5 Responses to “The Soul-Song”

  1. I love Ali’s writing – her Blog is wonderful; found it a while back via Erik’s equally wonderful Blog. This is so beautifully put. I think sometimes we can forget our soul-song, sometimes sing someone else’s because that is what we feel is expected of us or perhaps because we lack courage to add our voice to the many voices, not feeling that ours is worthy. Singing the wrong song feels a bit like being a cat having one’s fur stroked the wrong way. I know a lot of disgruntled cats! I think Ali is right, when we sing the song that is truly us, we resonate with life, we feel a part of something greater and there is a momentum to what we do, to how we live; when we don’t, something in us stagnates, things become a struggle. I love the Mark Strand quote -gosh I think I move to keep things whole! When Ali writes about attending ‘with reverence to the part her soul-song has to play in the greater whole’,it strikes me that this is the art of living well. And if I’m honest, it scares me a little too -that fear that I might fail to recognize my own soul-song; fail to add my voice. This all brings to mind that wonderful poem my David Whyte ‘Everything is Waiting for You’, he writes ‘Surely even you at times have felt the grand erray, the swelling presence and the chorus crowding out your solo voice…Put down the weight of your aloneness and ease into the conversation.’ As Ali so beautifully writes, every song counts.

  2. I agree Maria – I’ve only just discovered her blog – it’s inspiring stuff! This metaphor of the soul-song is very powerful and it’s nice to think it may not simply be a metaphor. Planets hum as they whirl through space, so as we move we too are sounding a note or song (and we’re always moving even when still since our universe of cells is thrumming away). Emerson and Thoreau speaks well about our ‘under-song’.

  3. I love that idea that at the heart of movement there is stillness and at the heart of stillness, movement. I often think of my thoughts, emotions and my movements in terms of sound, particularly melody -probably comes from being a musician for most of my working life. I think of writing in terms of sound too – melody and rhythm particularly – it’s how I judge if something works or not. Everything has a colour too.

    Speaking of movement and sound, do check out on Ali’s Blog the wonderful little film of the singer Bobby Mcferrin, proving how we all resonate very beautifully together.

    Also, there was a really lovely piece by Susan Leigh in Touchstone (Aug.2009) called ‘Your Song’ about pregnant mothers in an African tribe praying and meditating to hear the song of their child, believing that every soul has its own unique song and that this is linked to their purpose and reason for being here. The tribe sings the child’s song when it is born, at each rite of passage and when it dies. I love the thought that those that truly love you, know your song and sing it to you to remind you who you are and what you have to give to the world.

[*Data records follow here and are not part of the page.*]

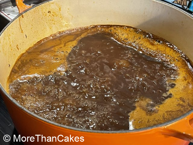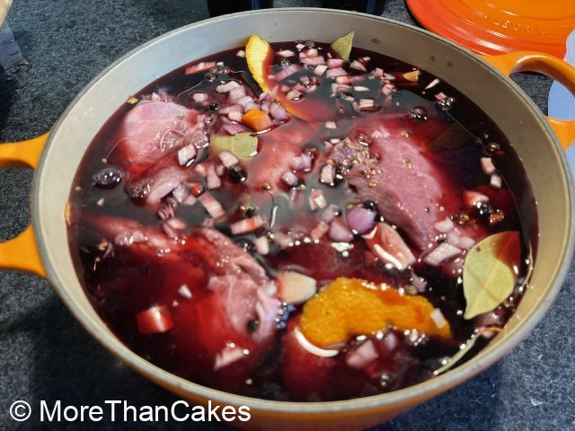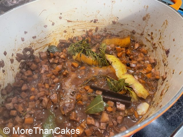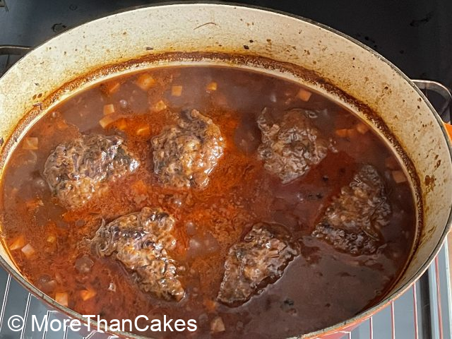 Das abgeseihte Gemüse in den Topf geben (evtl. noch etwas Olivenöl zufügen) und ca. 10 Minuten dunkelbraun rösten. In der Zwischenzeit den Ofen auf 160 Grad Ober-/Unterhitze vorheizen. Tomatenmark zugeben, 30 Sekunden mitrösten. Mit der Marinade ablöschen, stark einkochen. Restliche Marinade, Fond, 400 ml kaltes Wasser und Kalbsbäckchen zugeben. Den Topf zudecken und für 1,5 Stunden in den vorgeheizten Ofen schieben. Die Bäckchen sollten schön zart sein.
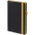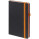 Ежедневник с твердой обложкой, выполнен из материала Waltz, черный АА, дополнен красными резинкой и ляссе.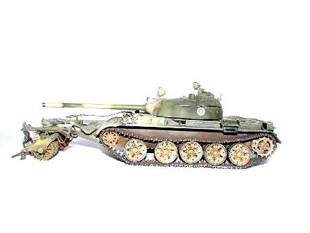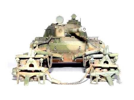 《Finnish Army T-55 w/kmt-5》In the early 1960’s, the KMT-5 system was introduced. This uses a lighter-weight mine trawl in conjunction with the KMT-5mine rakes. The chain stretched between the two roller sections has a “dog-bone” attached in the center which is intended to detonate any tilt-mines which might otherwise slip through the center of the trawl and detonate under the tank’s belly.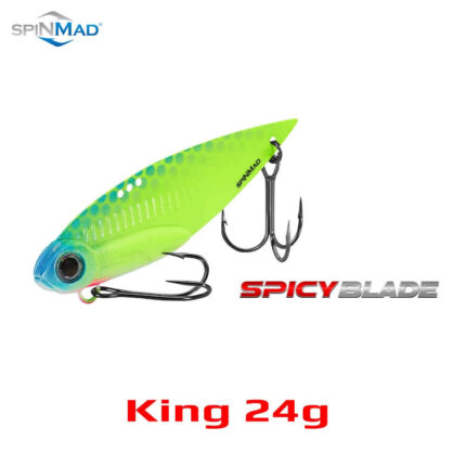 Spicy Blade King 24g este "greul" familiei de cicade, fiind special conceput pentru situatiile care necesita lansari la distante extreme si un control impecabil in ape adanci sau curenti puternici. Datorita constructiei fara plumb si a designului aerodinamic, aceasta nalucta este arma ideala pentru explorarea zonelor dificile unde alti pescari nu pot ajunge. Un avantaj al cicadei King 24 g este posibilitatea de a-i regla actiunea prin intermediul a trei orificii situate in partea superioara a nalucii. Datorita vibratiei distincte, a undei hidroacustice puternice si a versiunilor de culori atractive, cicada KING este una dintre cele mai bune cicade disponibile pe piata, creata pentru a prinde bibani mari, salai, stiuci si somni.
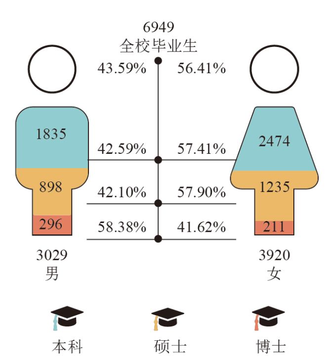 2018年,南京农业大学共有毕业生6949人,其中本科生4309人、研究生2640人(硕士生2133人,博士生507人)。全校男、女生比例为0.77:1。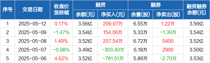 融资方面,当日融资买入1021.39万元,融资偿还811.42万元,融资净买入209.97万元,连续3日净买入累计621.57万元。融券方面,融券卖出1.3万股,融券偿还800股,融券余量6.55万股,融券余额39.69万元。融资融券余额合计3.56亿元。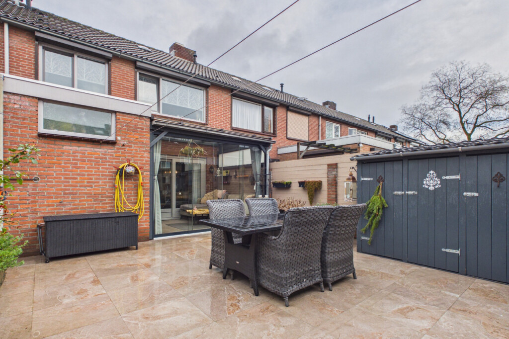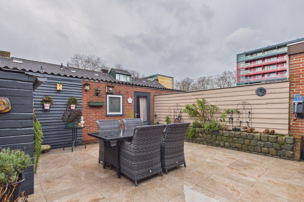 De achtertuin is gelegen op het zuidoosten, waardoor je hier al vroeg op de dag van de zon kunt genieten. De tuin is vorig jaar opnieuw aangelegd en onderhoudsvriendelijk ingericht met een terras en een enkele plantenborder. Dankzij de eigen achterom is de tuin ook gemakkelijk bereikbaar. Achter in de tuin bevinden zich een houten berging én een ruime stenen berging, ideaal voor fietsen, gereedschap en extra opslag.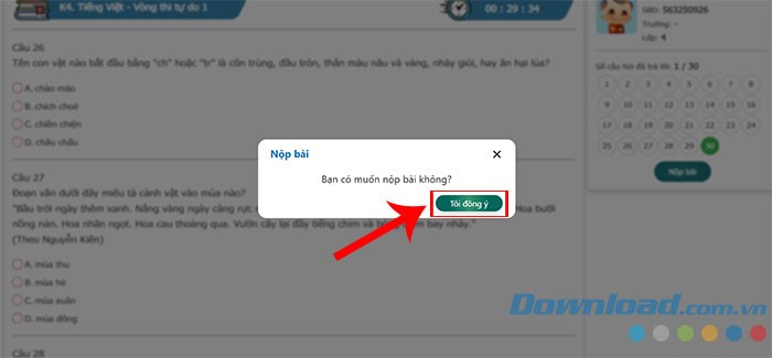 Bước 6: Nhấn nút Tôi đồng ý để xác nhận việc nộp bài.

  4. Ali is a wonderful writer!
    I’ll just chip in a word or two from the “scientific” community here:
    There is a theory in physics called “superstring theory” which tries to explain the very most basic underpinnings of our universe. Molecules are made of atoms, which are made of tinier things called quarks, and even tinier, and so on.
    Down at the bottom, the very tiniest thing, this theory believes there is a “cosmic string”, a little loop of energy, and it vibrates.
    Each string is different because of its resonant frequency – in short, it’s “note” that it “sings” – quite literally.
    Expanding this idea, we understand that the Universe is all the voices of all the tiny strings together, and it is a song. A very real song.
    This idea is very dear to me, and to see Ali writing about this same idea makes me go all gooey inside.
    Thanks for mentioning it!

  5. In the Dolmen Grove there is a small training course called the Stag Circle and they discuss the String Theory and The Schumann Resonance. There is big emphasis on Sound and Resonance and the key F#. Very interesting stuff, it has caused me to look deeper into the science of resonance and to learn as much as I can on the subject. Great stuff, great post.